У правой стены зала, примерно напротив середины стола, возвышался музыкальный инструмент, похожий на пианино. Табурет перед ним пока пустовал.
И ещё подальше, позади стола, едва различалась в полумраке стойка, которую так и хотелось назвать «барной». Да она таковой и была.
Хозяин заведения Сэм Питси появился, однако, не издалека. Он поджидал гостей у самого входа в паб и внезапно выскочил откуда-то сбоку. Быстро шаркая подошвами башмаков по земляному, посыпанному опилками полу, он подлетел к «сербам», оскалив в приветственной улыбке не очень ровные и не совсем белые зубы. Это был бритый краснолицый мужчина лет пятидесяти, а может, и шестидесяти.
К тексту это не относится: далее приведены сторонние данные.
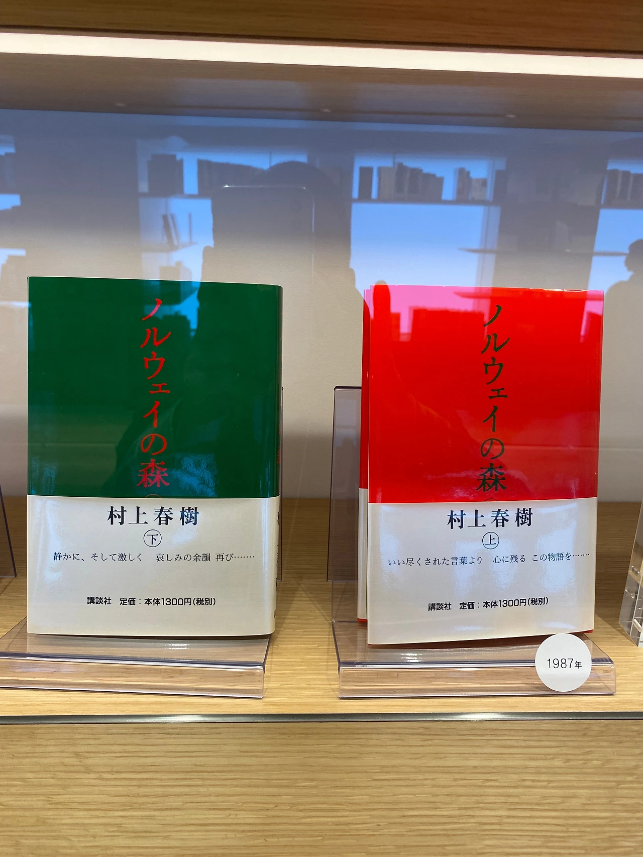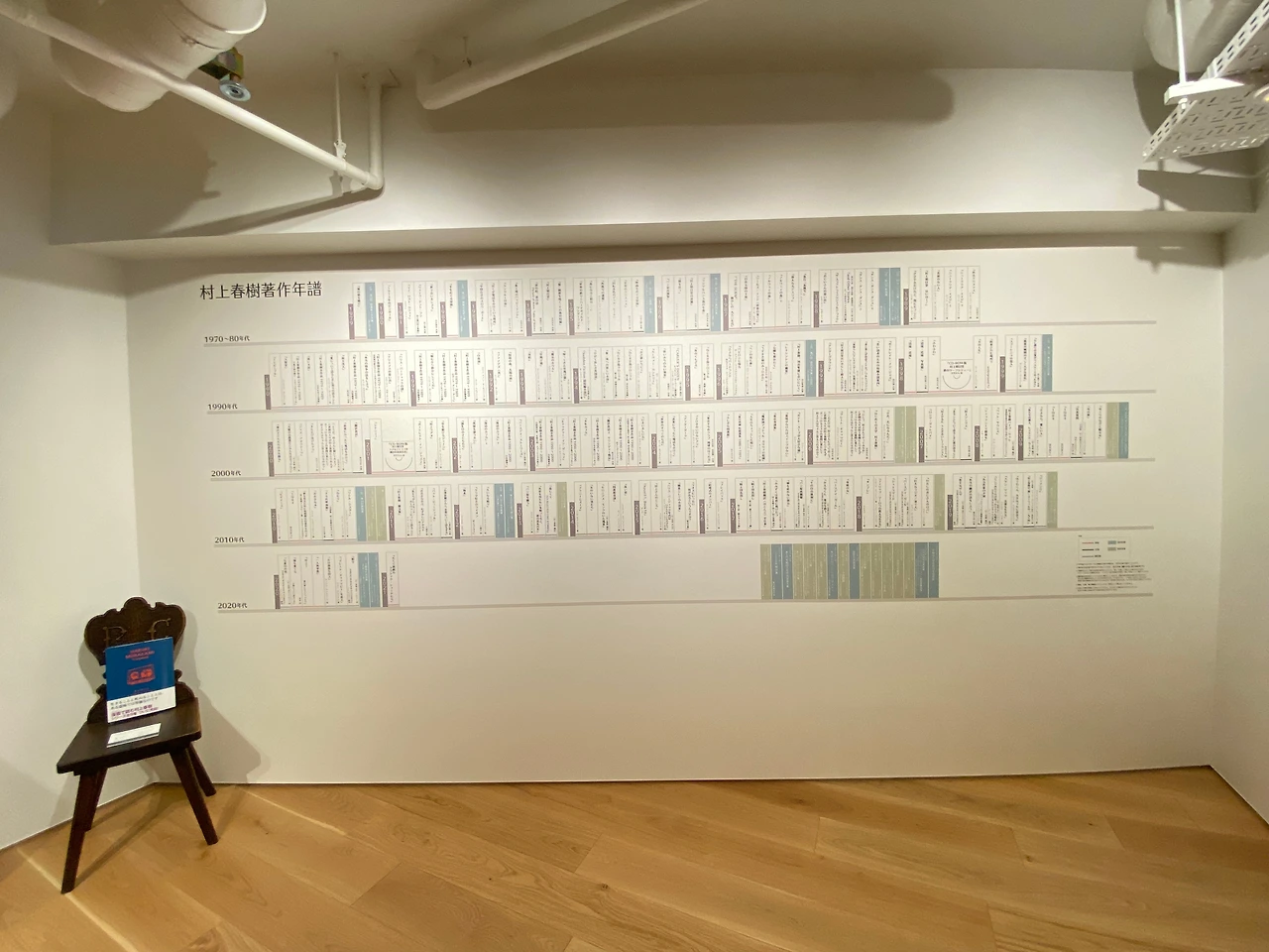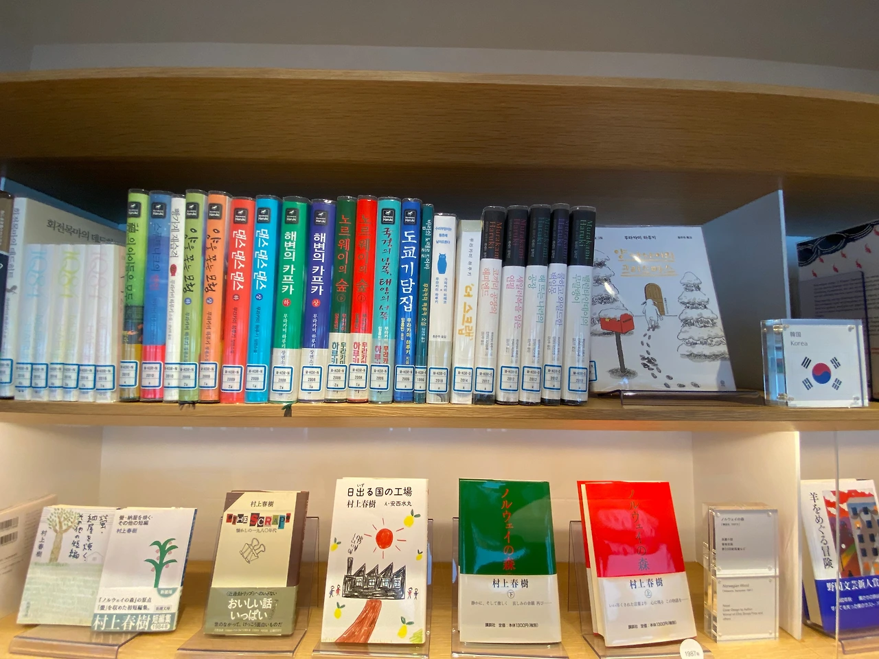 터널을 지나 1층의 예약 확인 데스크에서 입장 태그를 받고 오른쪽으로 돌면 갤러리 라운지가 나온다. 가장 먼저 시원하게 중앙을 가로질러 놓여있는 20미터는 돼 보이는 원목 책상이 눈에 띈다. 그리고 테이블을 기준으로 좌우에 책장을 배치하여 마치 3D 데칼코마니 작품을 보는듯한 공간이다. 오른쪽에는 하루키 책들의 초판본이 진열장 안으로 전시되어있으며 그 위로는 50여 개국의 언어로 번역된 그의 책이 꽂혀 있는데 막강한 팬을 보유한 한국어 책들이 앞쪽에 여러 권 자리하고 있다.

Дёмин и Свешников назвали себя. Питси то ли обрадовался, то ли удивился, услыхав рокочущий говор Дёмина, но никак его не прокомментировал, а просто провёл гостей к столу и усадил по левую сторону – не совсем в голове стола, но всё же скорее ближе к ней.
На других скамейках по обе стороны стола уже сидело несколько гостей. Дёмин довольно усмехнулся. Можно было теперь разглядывать не только обстановку, но и всех вновь прибывающих участников ассамблеи.
Народ на празднество собрался, кстати, пунктуальный – подходили дружно, группами по пять-семь человек, рассаживались, куда указывал им кабатчик.
Дюбрэй, как и ожидал почему-то Дёмин, выбрал для прихода золотую середину. Не прибежал на гулянье в числе самых нетерпеливых, но и не оказался среди припозднившихся.
За прошедшие дни «сербы» узнали о нём довольно много. Где живёт, в каком доме (людишки Филимона срисовали все ходы-выходы, все подступы к его особняку). Собрали сведения о том, в котором часу он выезжал из дому и в какое время возвращался. Проследили маршруты нескольких его поездок. Составили подробный портрет «странного». И даже заполучили фотоснимок – правда, плохонький, прескверной разборчивости. Потому как конфидент держал аппарат в руках второй раз в жизни и мастерством не блеснул. Но и это было что-то.
Благодаря фотографии «сербы» сразу узнали Дюбрэя, как только он приблизился к столу. При появлении его, кстати, сразу стихли разговоры среди присутствующих, послышалось какое-то шушуканье, а затем – приветственные возгласы.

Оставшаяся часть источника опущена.